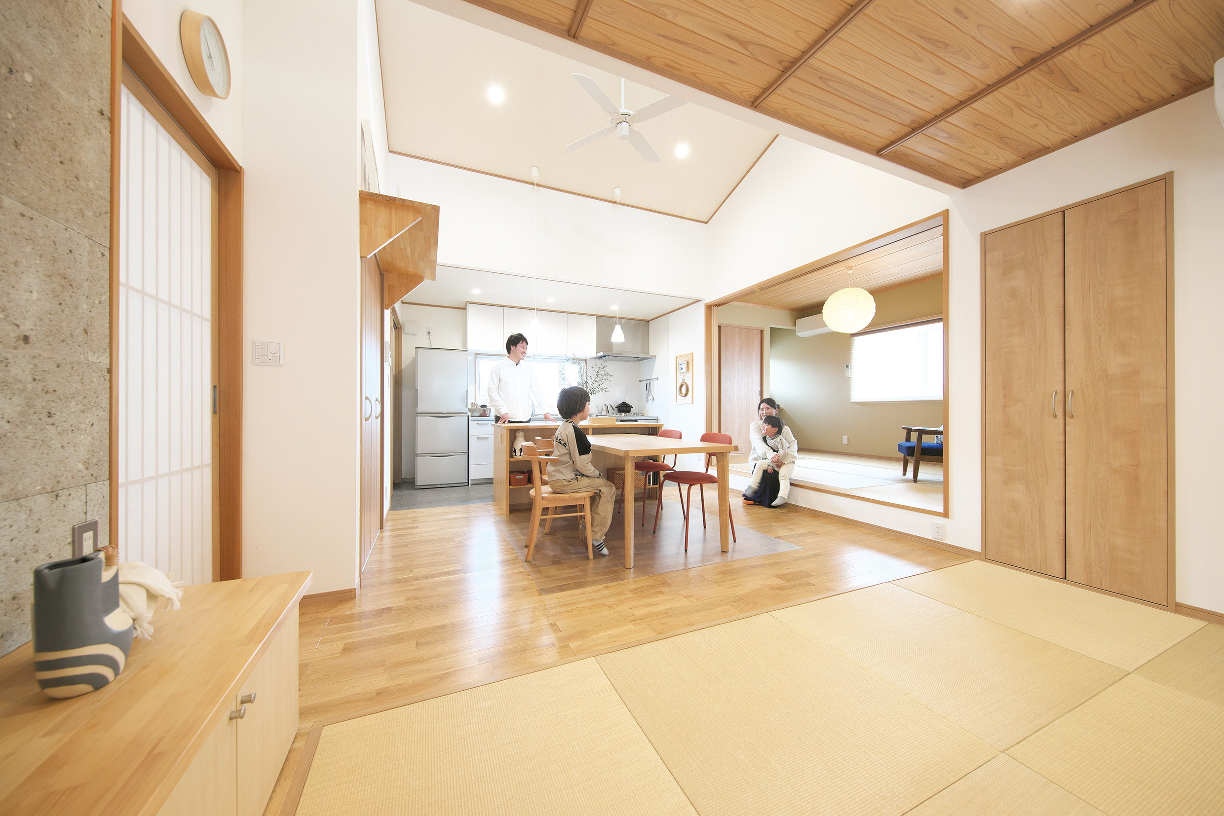 設計室を併設した工務店であることが当社の長所であり、モダンから和風まで多彩な方向性のノウハウを持ち、自然素材と伝承技術を兼ね備えたデザイン住宅を追求してきました。設計と施工の一体化を図り、施主様のご要望をさらに発展させた空間づくりを心がけ、建具・外構に至るまで内製化しています。ぜひ一度、当社の施工事例をご見学ください。
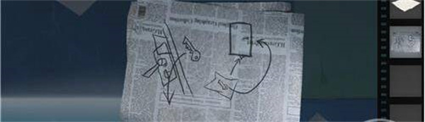 9.点击桌子,打开文件夹,拾取橘色按钮。移开报纸,拾取开瓶器。
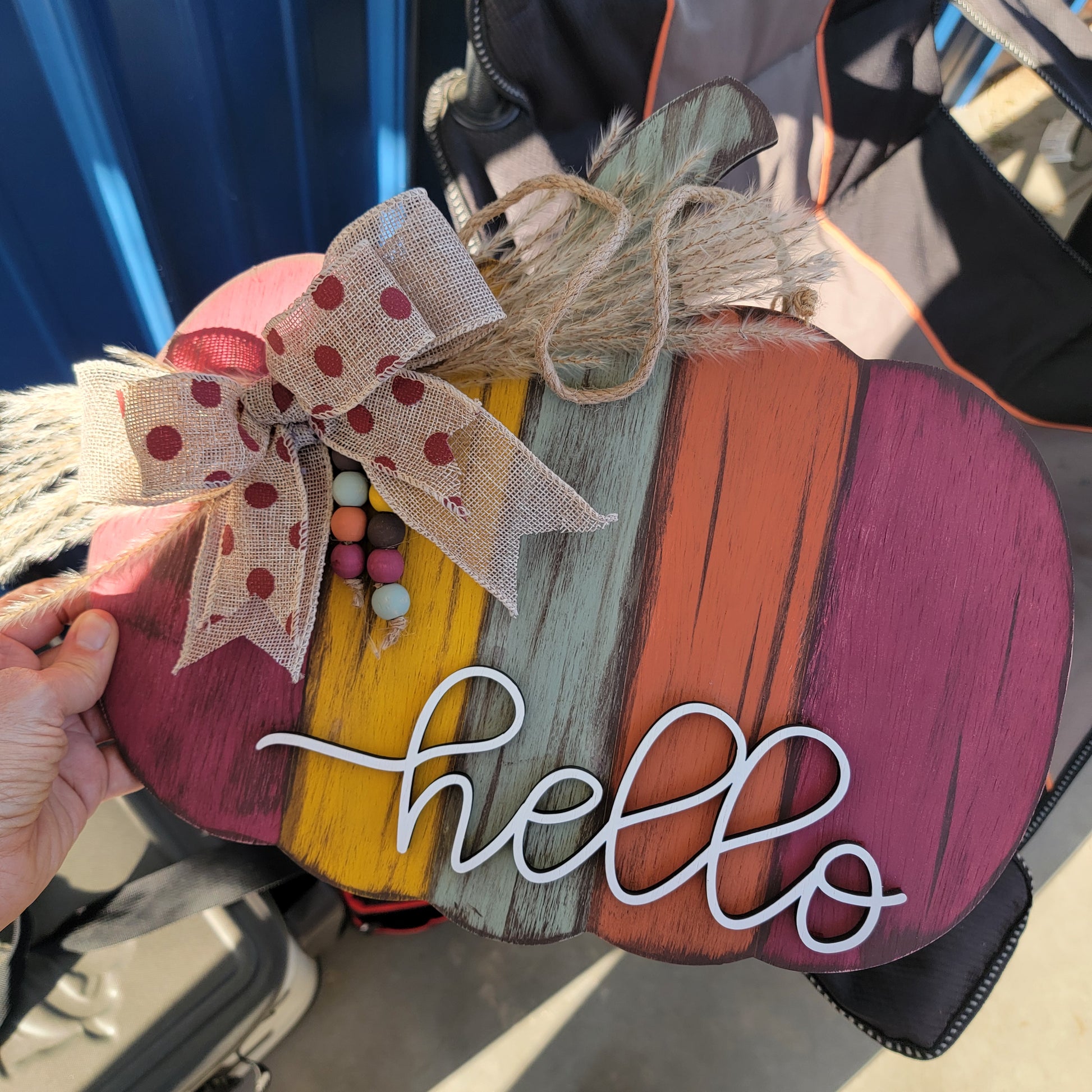 This Fall Shiplap Pumpkin Round is the perfect addition to your seasonal decor. Featuring shiplap detailing, a custom bow, and greenery accents, this pumpkin comes in multiple sizes and color schemes to fit your unique style. Add a touch of charm to your home with this beautifully crafted piece.

========================

■ **What the exercise asks**
Please retype the data exactly, but do not carry over any picture.

■ **Reply**
 設計室を併設した工務店であることが当社の長所であり、モダンから和風まで多彩な方向性のノウハウを持ち、自然素材と伝承技術を兼ね備えたデザイン住宅を追求してきました。設計と施工の一体化を図り、施主様のご要望をさらに発展させた空間づくりを心がけ、建具・外構に至るまで内製化しています。ぜひ一度、当社の施工事例をご見学ください。
 9.点击桌子,打开文件夹,拾取橘色按钮。移开报纸,拾取开瓶器。
 This Fall Shiplap Pumpkin Round is the perfect addition to your seasonal decor. Featuring shiplap detailing, a custom bow, and greenery accents, this pumpkin comes in multiple sizes and color schemes to fit your unique style. Add a touch of charm to your home with this beautifully crafted piece.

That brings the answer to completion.